Minggu, 19 Mei 2024

Tedung

 


Tedung, wastra dan atribut lainnya di tempat suci, menandakan akan ada upacara. Tedung menjadi simbolik peneduh bhakta.
Tedung yang ada di pura, juga sebagai Ista Dewata. Bahkan dapat juga sebagai windu, yang terdiri atas bhur, bwah, swah, yang mengayomi ketiga jagat (dunia)
Bentuknya yang bulat menjadi simbol menyeluruh atau universal karena perlindungan dan kedamaian diharapkan ada di seluruh dunia.
Tedung juga sering dikaitkan dengan makna gunung sebagai peneduh dunia dan melindungi bhakta.

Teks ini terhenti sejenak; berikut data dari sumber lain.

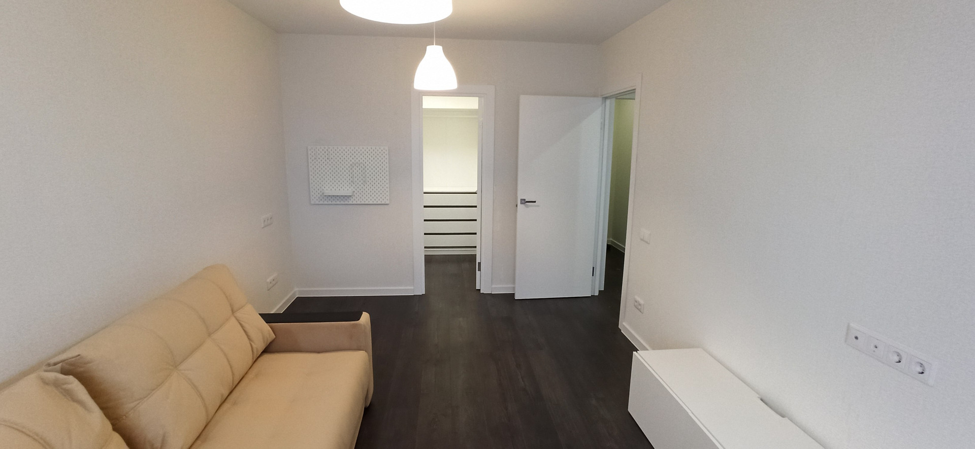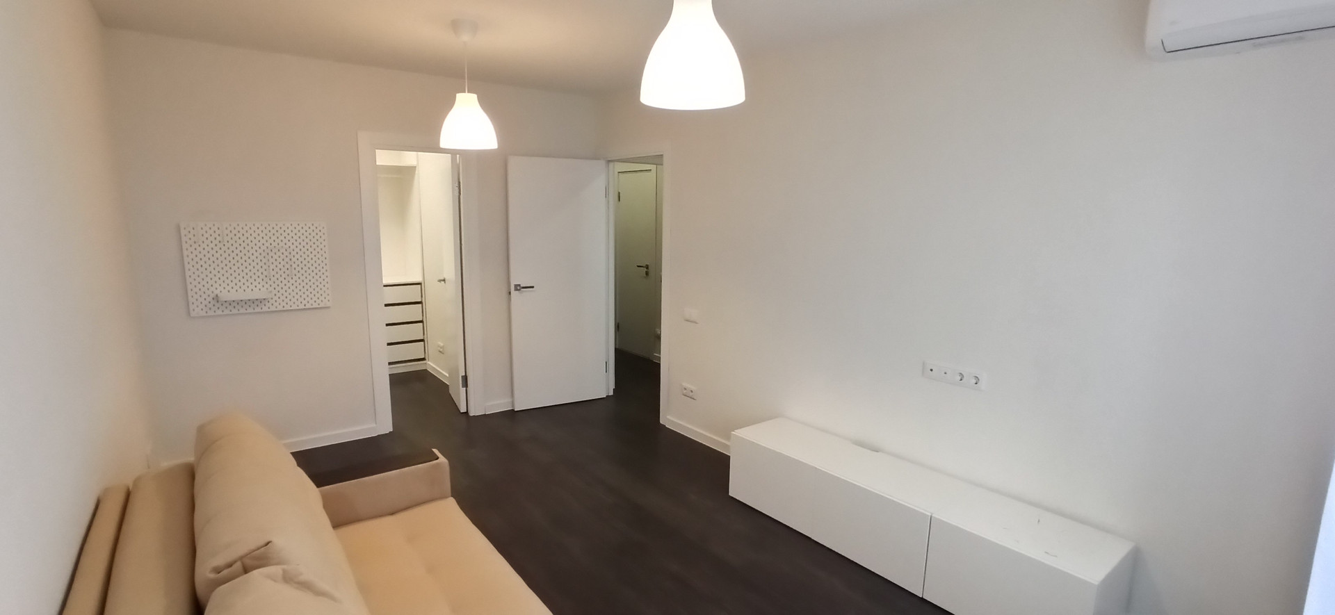 В комнате сплит система с выводом на веранду, подходит как и для охлаждения так и для обогрева если недостаточно регулируемых батарей или необходимо нагреть и просушить квартиру в дождливый день, большая гардеробная благодаря которой не нужен шкаф и/или комод. Розетки с прямым выходом для интернета и тв. В данный момент диван со спальным местом 200х150, уже заказана кровать и пружинный матрас со спальным местом 200х140, ждем доставки.
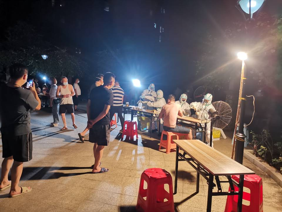 从8月4日起,沌阳社区卫生服务中心连续安排12人到军山工地和沌口工地进行采样,共完成采集1823人。检验人员邵明霞带头前往,连续两天都是从晚上8点一直工作到次日凌晨5点。
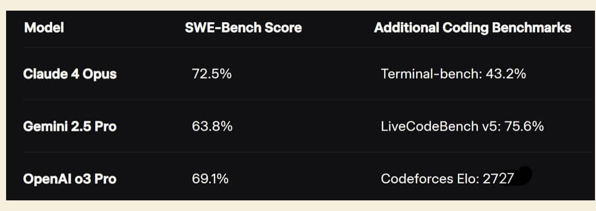 - Claude 4 Opus доминирует в решении комплексных задач из реальной практики (SWE-bench: 72.5%), что подтверждает его репутацию инструмента для сложных рефакторингов и работы с большими кодобазами. Его способность сохранять консистентность на протяжении многочасовых сессий делает его незаменимым для enterprise-разработки.

Istilah tedung agung dan robrob dibedakan atas lenter/ider-ider yang dikenakan pada sisi penggir tukub/atap tedung dengan posisi berjuntai. Kalau Tedung robrob, pada sisi pinggirnya diisi atau dihiasi dengan anyaman atau sulaman dari benang. Sulaman atau rajutan yang menghiasi pinggiran tedung robrob menggunakan benang wol yang berwarna, seperti hitam, putih, kuning merah maupun hijau. Sedangkan tedung agung, pada hiasan tepi pinggir dijuntai dengan kain warna atau prada yang lazim disebut dengan ider-ider. Kain yang berjuntai tersebut terdiri dari dua lapis/warna dengan ukuran kain atas/depan lebih pendek dari pada yang dibagian bawah/tengahnya.
Setiap kerangka Tedung memiliki makna. Bahkan mempunyai filosofinya yang berbeda juga. Sebuah iga-iga tedung, lanjutnya, bermakna sebagai pangider bhuana (lambang dunia) yang berfungsi sebagai peneduh jagat, karena bentuknya yang bundar dan sesuai dengan arah mata angin.
“Sebelum dipakai, Tedung baru harus diupacarai terlebih dahulu, menggunakan banten pangulapan. Pada Tedung juga diisi sasap yi janur dan daun dapdap. Setelah itu, baru bisa digunakan, karena sudah dianggap suci.